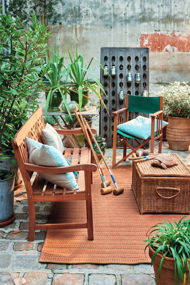 An artisanal weave for this indoor/outdoor rug in fashionable hues, combining celadon green and gray in a delicate contrast.
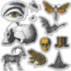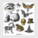 A creepy set of Halloween-themed stickers, featuring an eye, moth, bat, witches hat, goat flies, frogs and skulls. You can choose between matte white or glossy transparent vinyl; please note that white ink is not printed on either substrate. The sticker's removable, low-tack adhesive leaves no sticky residue, they are printed with solvent inks that are fade-proof, water-proof and scratch-resistant, making them compatible with and ideal for decorating water bottles, helmets, cars, skateboards, bikes, laptops, phones, tablets, binders, notebooks, journals, lockers, water bottles and more! They are available in 6 different sizes, there is a 0.125" border around each sticker to help it stand out against any background! © Julie McIver
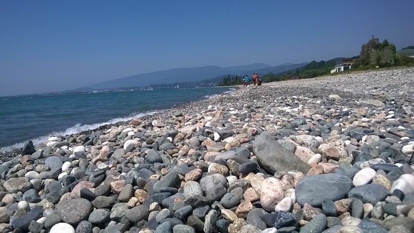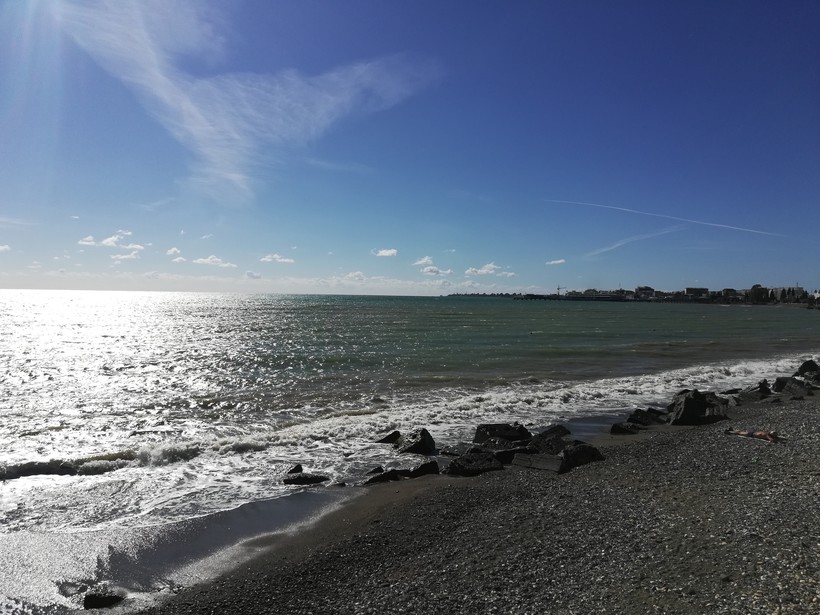Вода холоднючая, +12. Не представляю, как можно купаться, но один смельчак отважился. Я замерзала от одного взгляда на него. На море одевайтесь потеплее, в момент моей прогулки дул пронизывающий ветер, я немного простыла.

====

Your instructions:
In transcribing the lines above, omit the images and keep all else exact.

Your solution:
 An artisanal weave for this indoor/outdoor rug in fashionable hues, combining celadon green and gray in a delicate contrast.
 A creepy set of Halloween-themed stickers, featuring an eye, moth, bat, witches hat, goat flies, frogs and skulls. You can choose between matte white or glossy transparent vinyl; please note that white ink is not printed on either substrate. The sticker's removable, low-tack adhesive leaves no sticky residue, they are printed with solvent inks that are fade-proof, water-proof and scratch-resistant, making them compatible with and ideal for decorating water bottles, helmets, cars, skateboards, bikes, laptops, phones, tablets, binders, notebooks, journals, lockers, water bottles and more! They are available in 6 different sizes, there is a 0.125" border around each sticker to help it stand out against any background! © Julie McIver
Вода холоднючая, +12. Не представляю, как можно купаться, но один смельчак отважился. Я замерзала от одного взгляда на него. На море одевайтесь потеплее, в момент моей прогулки дул пронизывающий ветер, я немного простыла.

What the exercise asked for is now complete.